3 thoughts on “The Awful Egg

  1. This one looks promising but fail to deliver I’m afraid. It’s another of the mystery-that-isn’t-a-mystery stories. With a somewhat gruesome explanation. Although it may look like Doc goes to Jurassic Park, this one is just a rather umimpressive tale of murder and stolen gold. Yawn.

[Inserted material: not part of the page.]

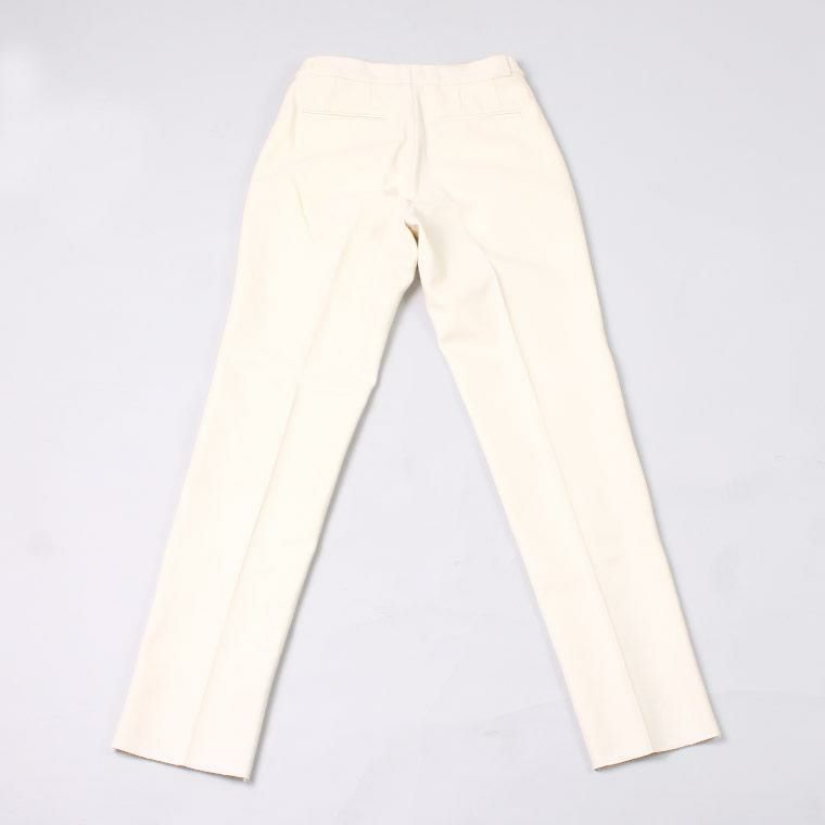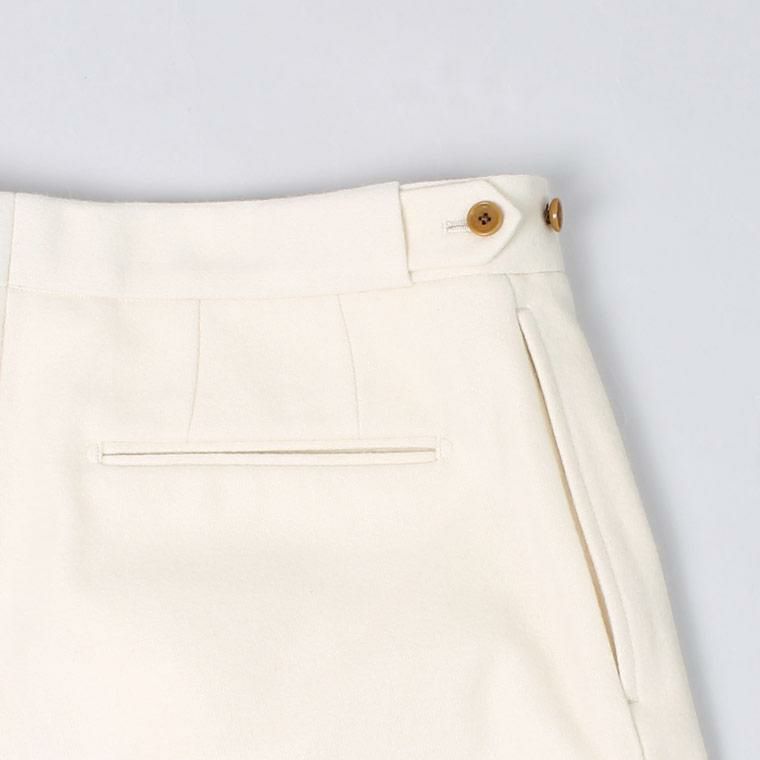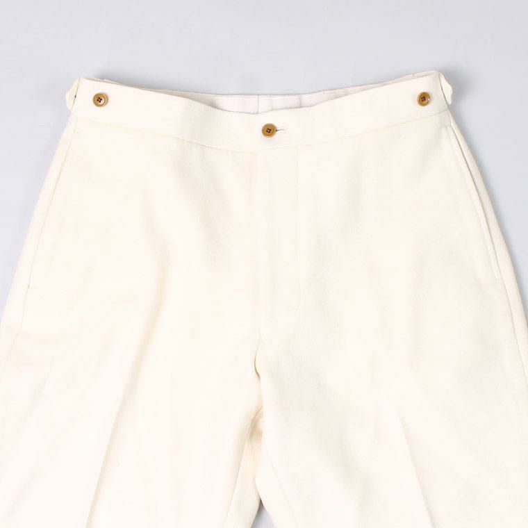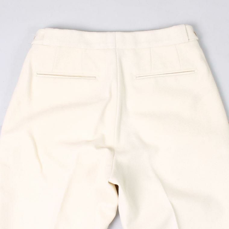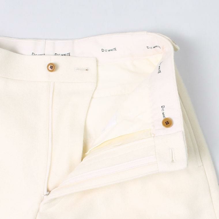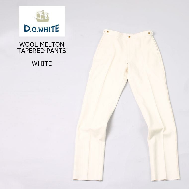 D.C. WHITE(ディーシーホワイト)のWOOL MELTON TAPERED PANTS。ウールメルトン素材を使用したトラウザー。ワタリから裾にかけて緩やかなテーパードが効いた、細すぎず太すぎない綺麗なシルエット。ベルトループなしのサイドアジャスターで着用する仕様。癖のないスタンダードなデザインのトラウザーなので様々なスタイルに対応可能。肉厚のウールメルトン素材を使用しており保温性も高いので寒い冬を快適に過ごして頂ける1本です。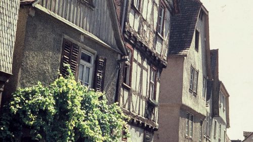 | Nur zu oft wurden in Bensheim prägnante Gebäude abgerissen und durch gesichtslose Neubauten ersetzt. Hier ist dies allerdings genau andersherum. Wer den baulichen Zustand des Wambolter Hofes in Bensheim in der Fotografie von 1975 betrachtet, der wundert sich eher, dass dieses Gebäude mit großem Aufwand saniert wurde und nicht – wie so viele andere in diesem Bereich – der Abrissbirne zum Opfer fiel. Ein Glücksfall für den Erhalt des Wambolter Hofes war sicher der Hessentag im Jahre 1976, als sich Bensheim den Gästen von seiner schönsten Seite präsentieren wollte. Und was war da besser geeignet als frisch herausgeputzte Fachwerkgebäude? Unser Bild des unsanierten Gebäudes verdanken wir Christina Glaubach, deren Familie mit ihrer Konditorei und dem dazugehörigen Café im Jahre 1976 als einer der ersten Mieter das neue Schmuckstück der Innenstadt bezog. Bis heute waren verschiedene Gastronomen im Wambolter Hof ansässig; außerdem befindet sich im Keller das PiPaPo-Theater. (Text: Thomas Neu, 17.3.2021; Altes Foto: 1975, Quelle: Christina Glaubach; eues Foto: Thomas Neu, 2019) | |

  2. This was one of those stories where there is no “real” mystery, no mysterious dinosaur egg that might have hatched and is presently wreaking havoc somewhere. Either Dent lost faith in the kinds of stories he used to write for Doc or the editors decided to revamp Doc and downplay the fantastic elements in this story. Which is a shame, of course. Dent had no problem sending Doc to a land FILLED with dinosaurs in The Land of Terror. I think really what was happening was that it was now 1940 and not 1933. Life was quickly becoming real and there wasn’t any room any more for the kind of high adventure stories that brought Doc Savage his legion of readers in the 1930s then later in the 1960s and onwards. Oddly, this was the same time that Astounding Science Fiction was taken over by John Campbell Jr. who was grooming writers such as Asimov, Heinlein, Sturgeon, Leinster, Padgett, Simak and A.E. Van Vogt. Campbell made all of his SF writers write plausible science fiction, stories that made sense according to how science operates. There were no dinosaurs in Campbell’s magazines. Not one. Sad. Anyway, you can see in The Awful Egg the decline of one kind of Doc Savage and the rise of another. The latter is not as cool as the former.
    But don’t get me wrong. Waxing nostalgic for 1933 is only the fool’s delight. I’d go back there only in a time machine, to snatch a bunch of mint-condition pulps then return to my humble abode with real treasure. But I won’t wax nostalgic for that, either.

  3. I have this issue. I assume that the man on the cover is ‘Monk’? I also have the issue with Doc standing on the running board of the car with what looks again to be Monk who is driving. How many issues had his (Monk’s) illustrations? Are there drawings in pulp of the other four of his men? Any with covers where you can see Habeus Corpus, the pig?